__Task description__
Print the entries verbatim, leaving out the images they contain.

======== Exercise data ========

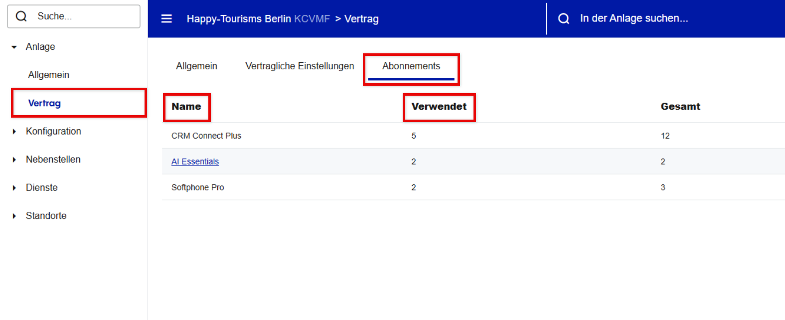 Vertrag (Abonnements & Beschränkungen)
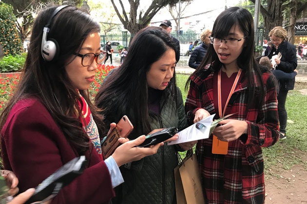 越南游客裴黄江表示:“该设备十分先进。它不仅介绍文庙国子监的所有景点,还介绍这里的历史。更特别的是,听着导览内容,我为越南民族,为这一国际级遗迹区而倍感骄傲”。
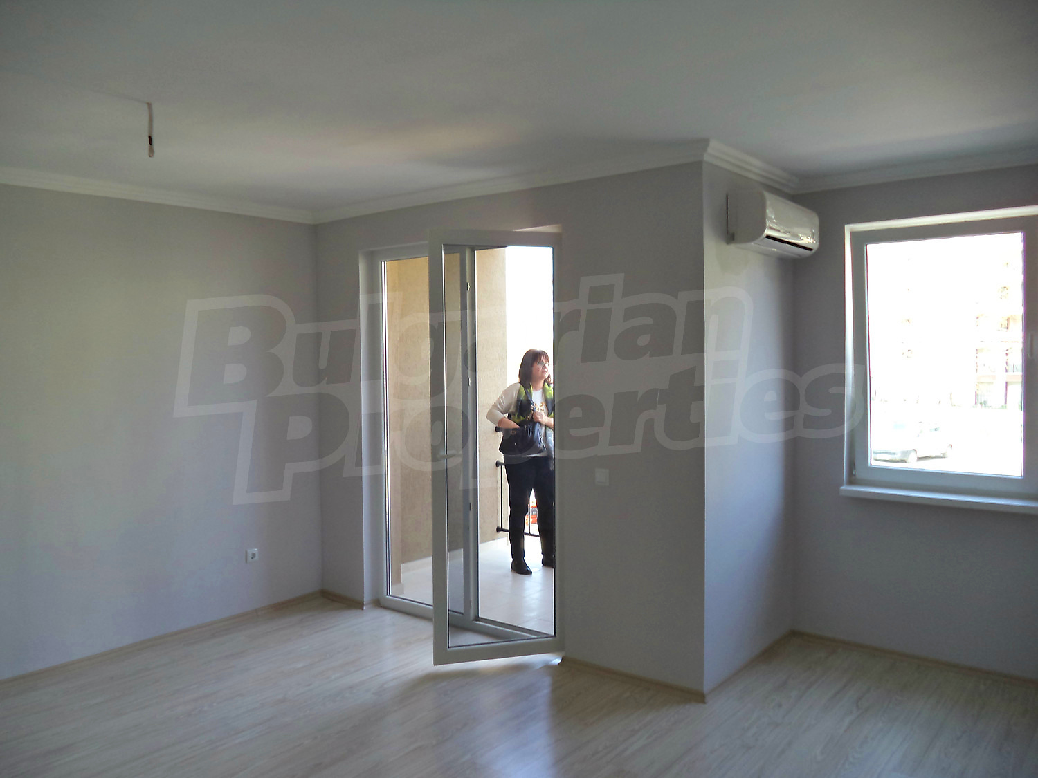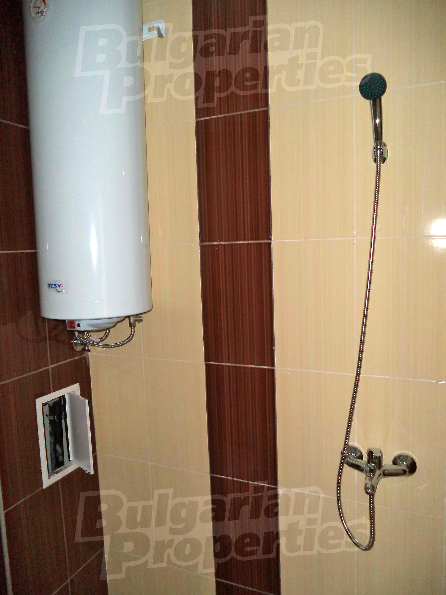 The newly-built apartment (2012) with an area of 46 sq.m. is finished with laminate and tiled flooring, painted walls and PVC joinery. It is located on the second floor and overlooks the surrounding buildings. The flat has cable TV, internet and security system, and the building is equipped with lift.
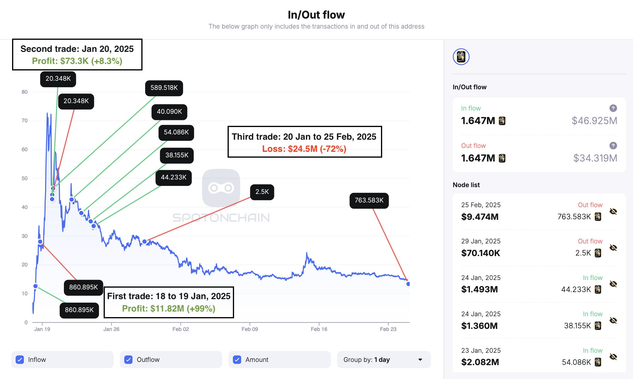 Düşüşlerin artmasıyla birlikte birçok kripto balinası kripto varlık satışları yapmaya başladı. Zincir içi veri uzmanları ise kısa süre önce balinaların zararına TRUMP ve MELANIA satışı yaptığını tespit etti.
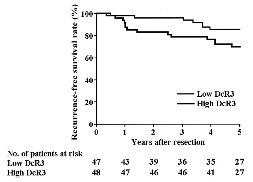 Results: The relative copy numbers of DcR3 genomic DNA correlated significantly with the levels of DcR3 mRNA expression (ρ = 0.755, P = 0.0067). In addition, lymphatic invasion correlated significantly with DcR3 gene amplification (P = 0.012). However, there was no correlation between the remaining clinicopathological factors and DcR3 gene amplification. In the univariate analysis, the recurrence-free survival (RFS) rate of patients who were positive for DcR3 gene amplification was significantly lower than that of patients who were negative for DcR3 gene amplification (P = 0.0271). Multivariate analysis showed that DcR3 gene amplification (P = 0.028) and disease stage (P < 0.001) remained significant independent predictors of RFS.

========

__Task response__
 Vertrag (Abonnements & Beschränkungen)
 越南游客裴黄江表示:“该设备十分先进。它不仅介绍文庙国子监的所有景点,还介绍这里的历史。更特别的是,听着导览内容,我为越南民族,为这一国际级遗迹区而倍感骄傲”。
 The newly-built apartment (2012) with an area of 46 sq.m. is finished with laminate and tiled flooring, painted walls and PVC joinery. It is located on the second floor and overlooks the surrounding buildings. The flat has cable TV, internet and security system, and the building is equipped with lift.
 Düşüşlerin artmasıyla birlikte birçok kripto balinası kripto varlık satışları yapmaya başladı. Zincir içi veri uzmanları ise kısa süre önce balinaların zararına TRUMP ve MELANIA satışı yaptığını tespit etti.
 Results: The relative copy numbers of DcR3 genomic DNA correlated significantly with the levels of DcR3 mRNA expression (ρ = 0.755, P = 0.0067). In addition, lymphatic invasion correlated significantly with DcR3 gene amplification (P = 0.012). However, there was no correlation between the remaining clinicopathological factors and DcR3 gene amplification. In the univariate analysis, the recurrence-free survival (RFS) rate of patients who were positive for DcR3 gene amplification was significantly lower than that of patients who were negative for DcR3 gene amplification (P = 0.0271). Multivariate analysis showed that DcR3 gene amplification (P = 0.028) and disease stage (P < 0.001) remained significant independent predictors of RFS.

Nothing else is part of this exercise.